Provided material:
# # # # #
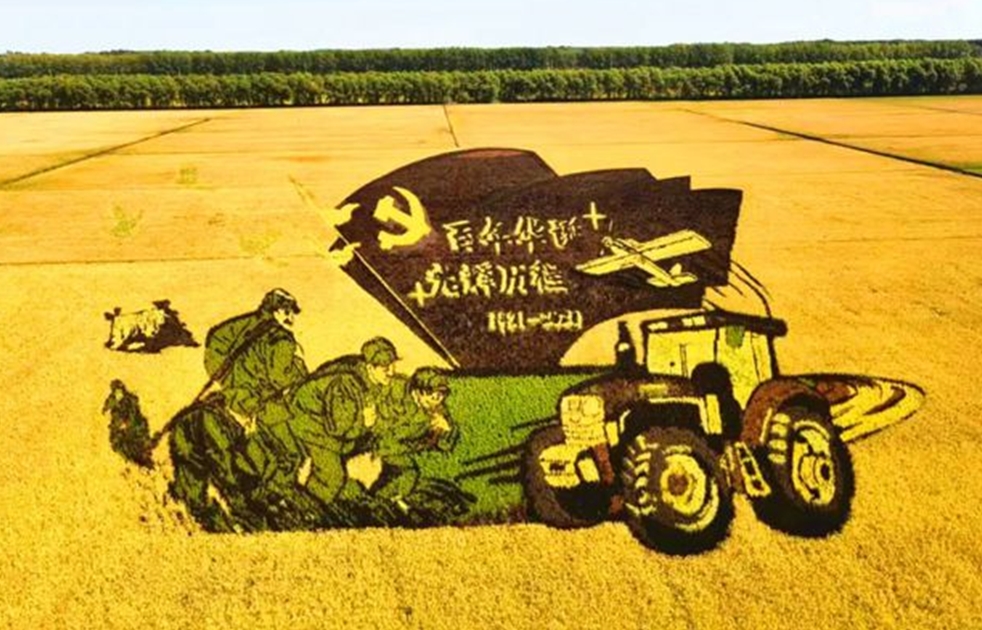 而真正适合稻田画创作的设计一定是大开大合的,充分利用宏大画幅展示雄浑意境的大手笔,它的线条一定是简洁而大方的,细节一定是本身就模糊而富于联想的,比如下面这幅画作中工农兵战士脚下的“草坪”本身就可以与彩稻的密植纹路合为一体,你根本找不到所谓细节的破绽,因为稻田就是草地的形变,设计师在构思伊始就将自然之美考虑在内了,这也是优秀设计公司必须要考虑的事情。
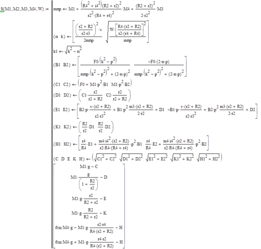 представим в виде процедуры S(M1,M3,M4,W) пакета Mathcad. Выражение для функции ΔS(M1,M3,M4,W), в силу несложности ее преобразования, получим позже.
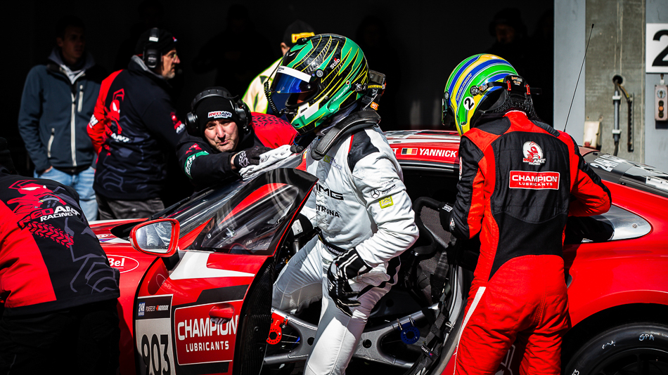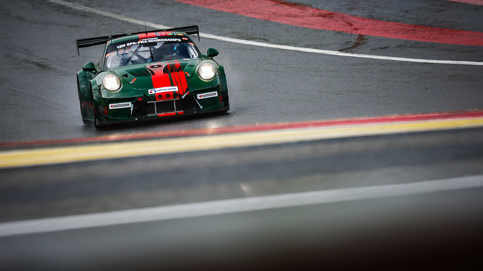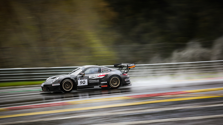 The Juta Racing Audi R8 LMS GT3 EVO II (#71, Lukas Sundahl / Lars Viljoen / Arunas Geciauskas / Sigitas Ambrazevicius) worked its way up from 10th on the grid, led outright for three laps, and will line-up 7th on tomorrow’s grid. A late-race fuel stop unfortunately pushed 2017 Overall GT Teams’ ‘Europe’ champion Hofor Racing (#11, Michael Kroll / Chantal Prinz / Alexander Prinz / Maximilian Partl / Kenneth Heyer) off the lead lap in the closing moments of ‘part one.’ Even so, the Mercedes-AMG GT3, which recovered from a moment in the gravel at Blanchimont, will restart 8th overall.
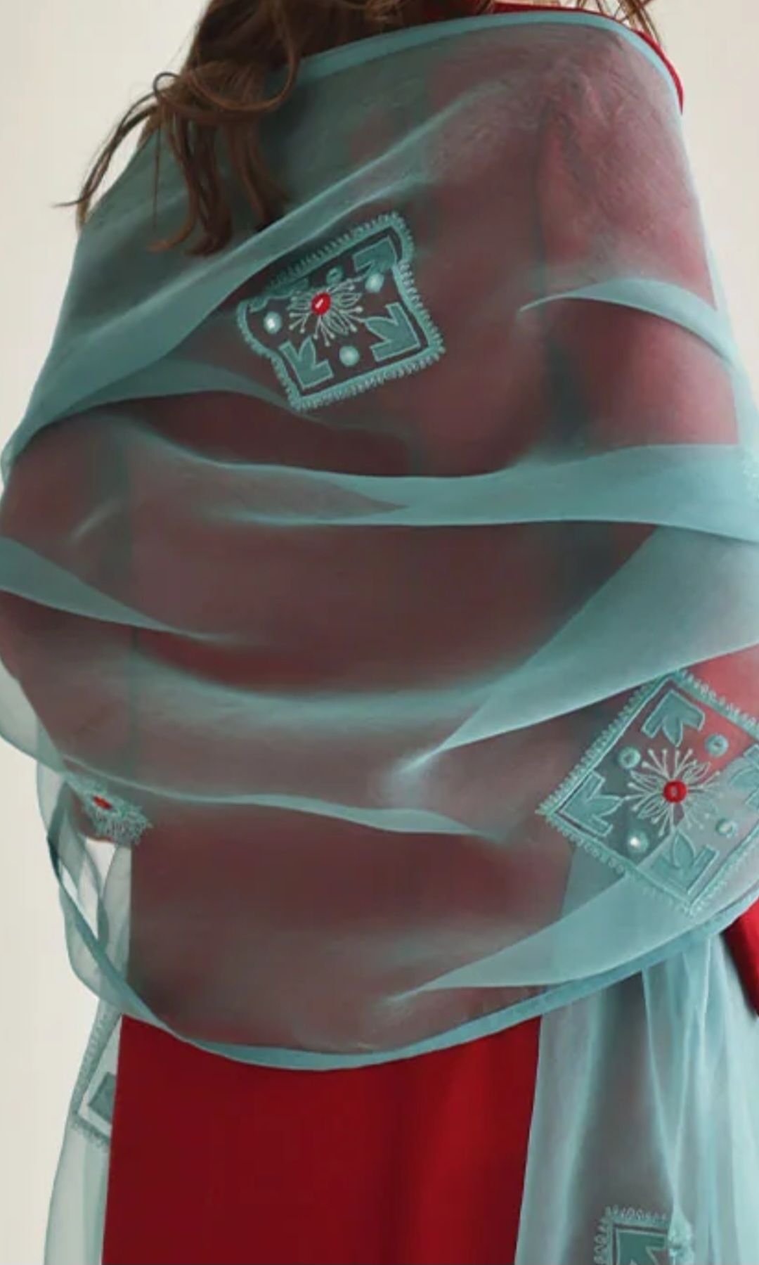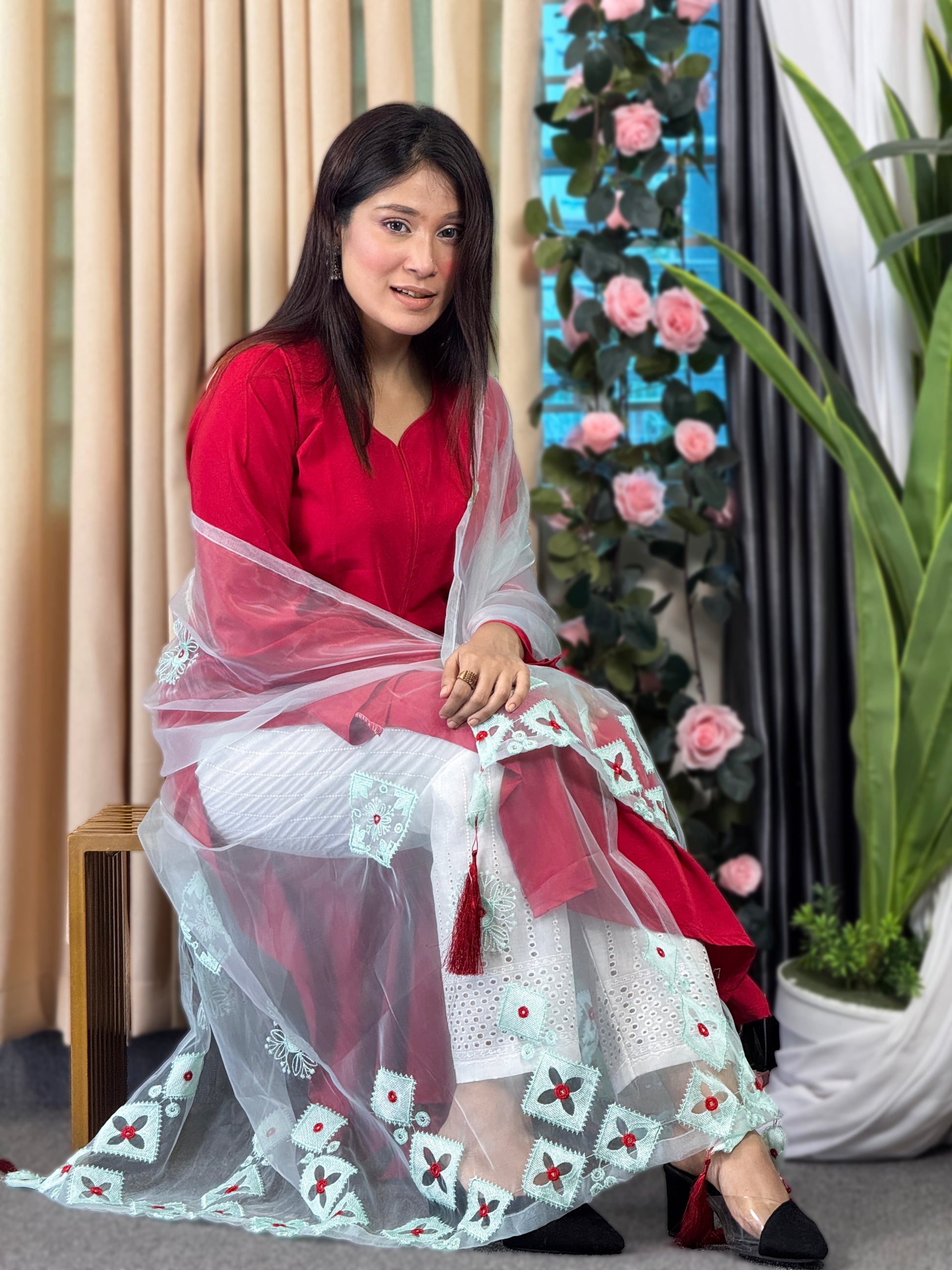 প্রিমিয়াম টিস্যু ফ্যাব্রিক্স এর ফুল বডি এমব্রয়ডারি & ট্যাসেল এর কাজ করা ওড়না থাকবে।
# # # # #
Aim of the exercise: The listing above must be retyped word for word, without the pictures.

Task answer:
 而真正适合稻田画创作的设计一定是大开大合的,充分利用宏大画幅展示雄浑意境的大手笔,它的线条一定是简洁而大方的,细节一定是本身就模糊而富于联想的,比如下面这幅画作中工农兵战士脚下的“草坪”本身就可以与彩稻的密植纹路合为一体,你根本找不到所谓细节的破绽,因为稻田就是草地的形变,设计师在构思伊始就将自然之美考虑在内了,这也是优秀设计公司必须要考虑的事情。
 представим в виде процедуры S(M1,M3,M4,W) пакета Mathcad. Выражение для функции ΔS(M1,M3,M4,W), в силу несложности ее преобразования, получим позже.
 The Juta Racing Audi R8 LMS GT3 EVO II (#71, Lukas Sundahl / Lars Viljoen / Arunas Geciauskas / Sigitas Ambrazevicius) worked its way up from 10th on the grid, led outright for three laps, and will line-up 7th on tomorrow’s grid. A late-race fuel stop unfortunately pushed 2017 Overall GT Teams’ ‘Europe’ champion Hofor Racing (#11, Michael Kroll / Chantal Prinz / Alexander Prinz / Maximilian Partl / Kenneth Heyer) off the lead lap in the closing moments of ‘part one.’ Even so, the Mercedes-AMG GT3, which recovered from a moment in the gravel at Blanchimont, will restart 8th overall.
 প্রিমিয়াম টিস্যু ফ্যাব্রিক্স এর ফুল বডি এমব্রয়ডারি & ট্যাসেল এর কাজ করা ওড়না থাকবে।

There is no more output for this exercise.